Sunday, September 26, 2004

Cooking II

Cooking II
And now, the rest of the story. So last night, after I had let out all my frustrations with my incapacity for culinary prowess, I decided to just make some ramen. It was my roommate's ramen, but I figured I could just float him a dime, and I wouldn't have to hear any complaints. The time was about 4:30 a.m. I was sitting there, proudly boiling that biscuit of noodles, gladly straining the water from them with an old plate (since the strainer was filled with cinnamon and sugar dust), and blithely mixing in the seasoning packet. I took the first happy bite, but to my dismay, something was wrong. The flavor was terrible. It was very strong, and there were hard, crunchy spices in it. When I walked over to the counter, I discovered my mistake: I had put the seasoning packet for the entire box of Rice-a-Roni into my little pathetic bowl of ramen. I forced myself to eat it anyway out of sheer starvation. I later calculated that I had eaten 2,220 mg of sodium. It was awful. I barfed in my mouth a bit as I was climbing into bed during the early minutes of dawn. I ran to throw up outside, and I slipped in the slime from the buttery mess on the floor. After I finished that, I meekly climbed the stairs to my room. Even over the sound of my roommate singing showtunes in the shower, I finally fell asleep, with an empty feeling in my stomach, and one in my gut. I had ruined even ramen. I had failed.

Friday, September 24, 2004


I have these four roommates who are all domestic. They grow their own herbs to make pesto, they sit there with their special little appliances and cook elaborate dinners for one. Last night it was split pea soup from scratch. Now, I understand it probably tastes better than Campbell's, but I can't at all imagine that it's so much better that it's worth the effort.

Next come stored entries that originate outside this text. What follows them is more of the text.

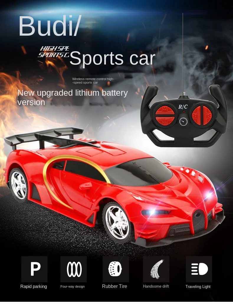 Rc cars 1:18 Bugatti red Sports car children’s Resistance to Falling and Collision four-channel Classic Red car Toy for kids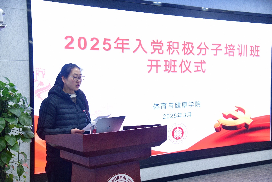 为深刻领会习近平新时代中国特色社会主义思想,进一步加强入党积极分子系统性理论学习与实践锤炼,2025年3月5日下午,在色情小说 党委指导下,2025年学院入党积极分子培训班开班仪式暨第一次集中培训,在二楼报告厅顺利举行。出席开班仪式的有学院党委副书记兼副院长李浩、体育教育教工党支部书记杜舒书、专职组织员袁春、本科生党支部书记宋戈、部分学生党支部书记代表及经过严格遴选的68名入党积极分子。会议由学员代表谭钧译主持。
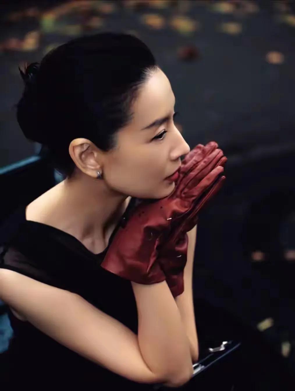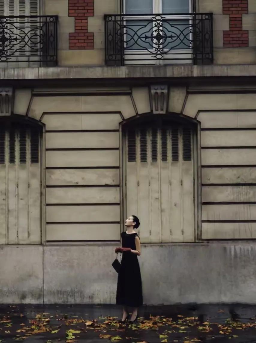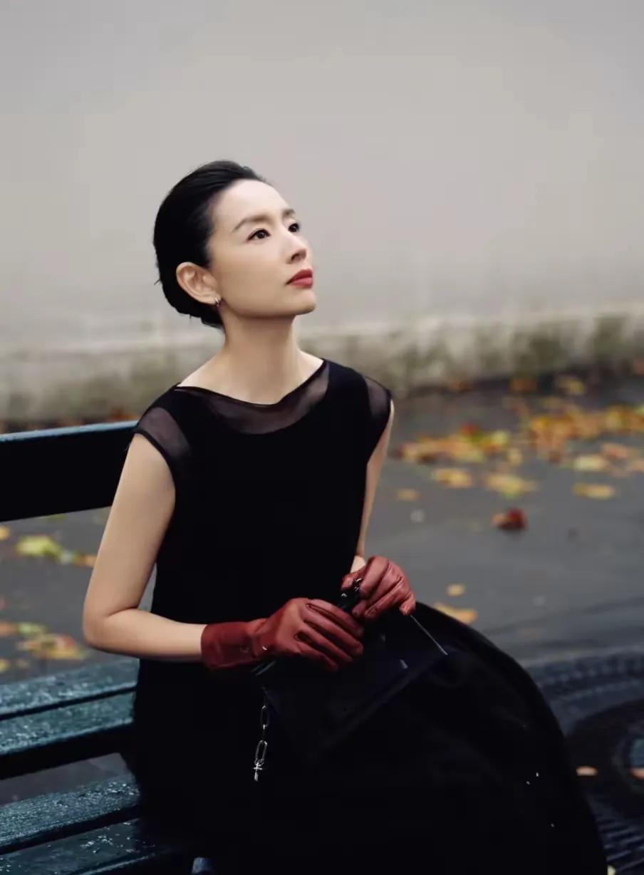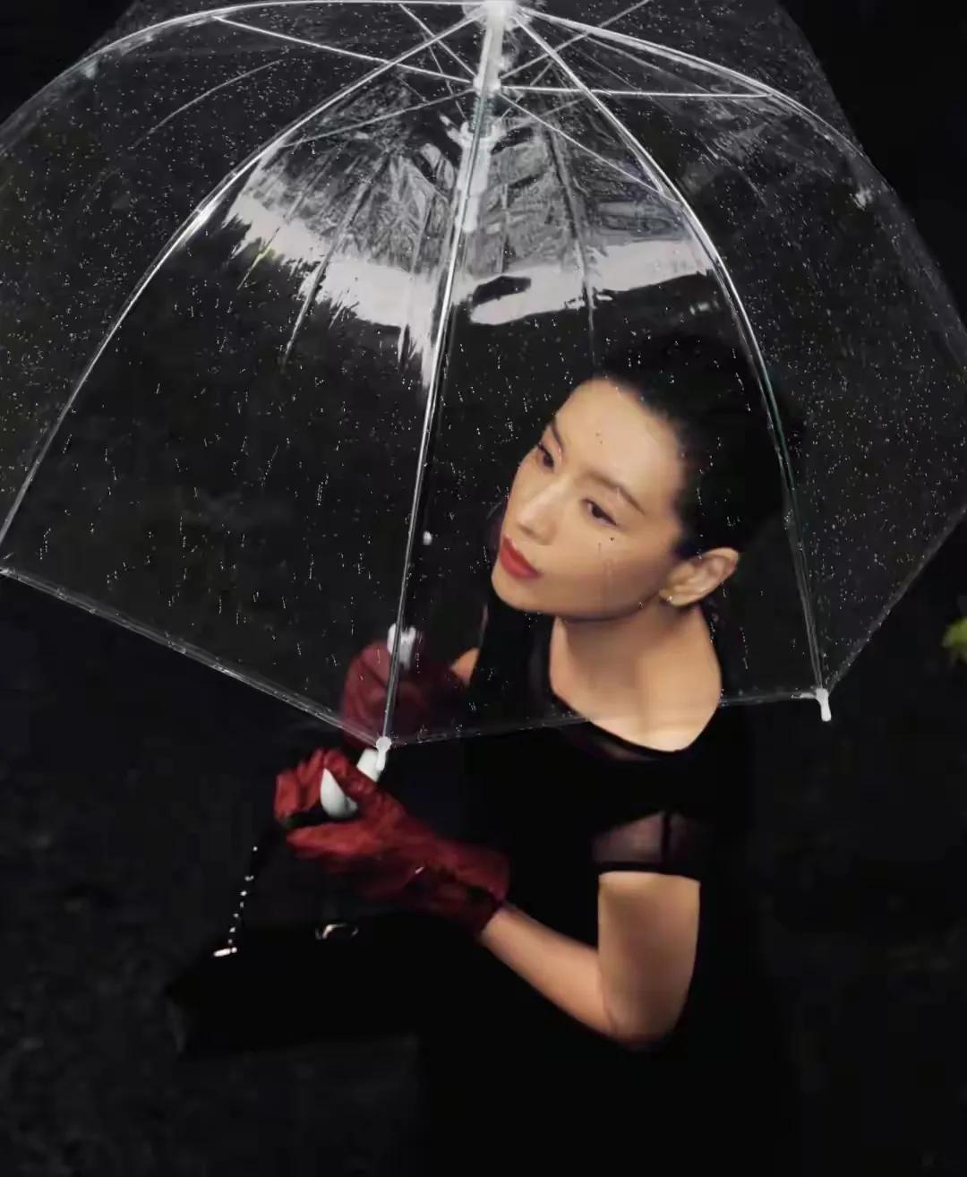 雨中的巴黎,董洁撑着透明雨伞缓缓漫步。一身黑裙衬得她气质优雅,红手套与红唇相呼应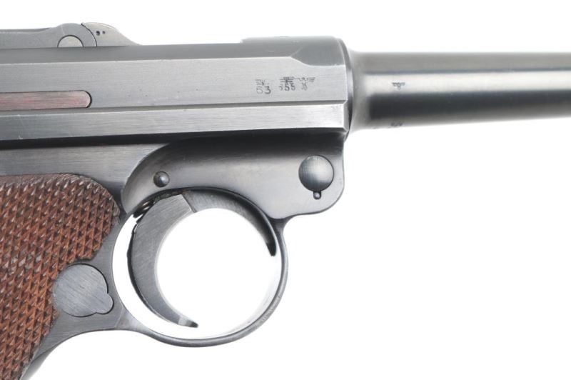Pistol. Semi-Automatic. 8 rd Magazine. Matched Magazine. Toggle-locked, short recoil. German WW2 Military issued sidearm.3.9" barrel. Mauser "42" code on toggle. 1939 dated. Serial numbers matched on all parts,Nazi proofs wit Eagle/63, and Eagle/655 (Mauser) waffenamts. Small "8,82" stamped under the serial number on the underside on the barrel. Bore appears excellent/bright. Checkered wood grips are very good. Blued finish is about 98% with some minor scratches. All markings are crisp/clear. Magazine is matched to the pistol stamped "5529 w" with Eagle 63 Waffenamt. NRA Condition-Very Good. C&R Firearm.

So tonight, at 3:30 a.m., I decided to try to cook some Rice-a-Roni. I freak out whenever I have to follow directions, so I was already in a bad way. I poured the rice vermicelli mix into the stupid medium-sized sauce pan, as i was supposed to. I took the butter out of the fridge, but I dropped about two tablespoons of it onto the floor when I was cutting it. I turned the stove onto medium and began to brown the little worms. Then I realized that I was going to need some water measured out, and due to my cognizance of my Non-verbal Learning Disorder, I began to panic. You see, I have no idea how big two and a half cups is. I grabbed a bowl from the cupboard and filled it, but I couldn't tell at all if I was even close. So then I went frantically looking for a measuring cup. I found a little graduated pitcher thing, but it was full of cinnamon and sugar. Then I decided to pour the cinnamon and sugar into a nearby bowl. Unfortunately, the bowl was some kind of small sieve, and my roommate's sugar mix dumped all over the floor and stuck to the butter. By the time I got the pitcher cleaned out, I turned around and the rice was ON FIRE. Luckily, I had recently broken the smoke alarm, so my roommates didn't have to wake up. I just grabbed the pan and stuck it outside on the porch. The house reeks of burned butter and noodles. That was my last box of food. Now I must resort to either going to bed hungry, or going to the grocery store. I'll probably do the latter. At least i can pick up that pan on my way back in.

The question is why am I so incompetent when it comes to cooking? It is impossible for me. I have ruined over twenty boxes of rice-a-Roni in my lifetime. Gosh! I hate it! So uneconomical. And there's Jayson, totally cooking soup in three separate pans. Of all my shortcomings, this is the one that renders me the most helpless. I have no idea where to turn for help.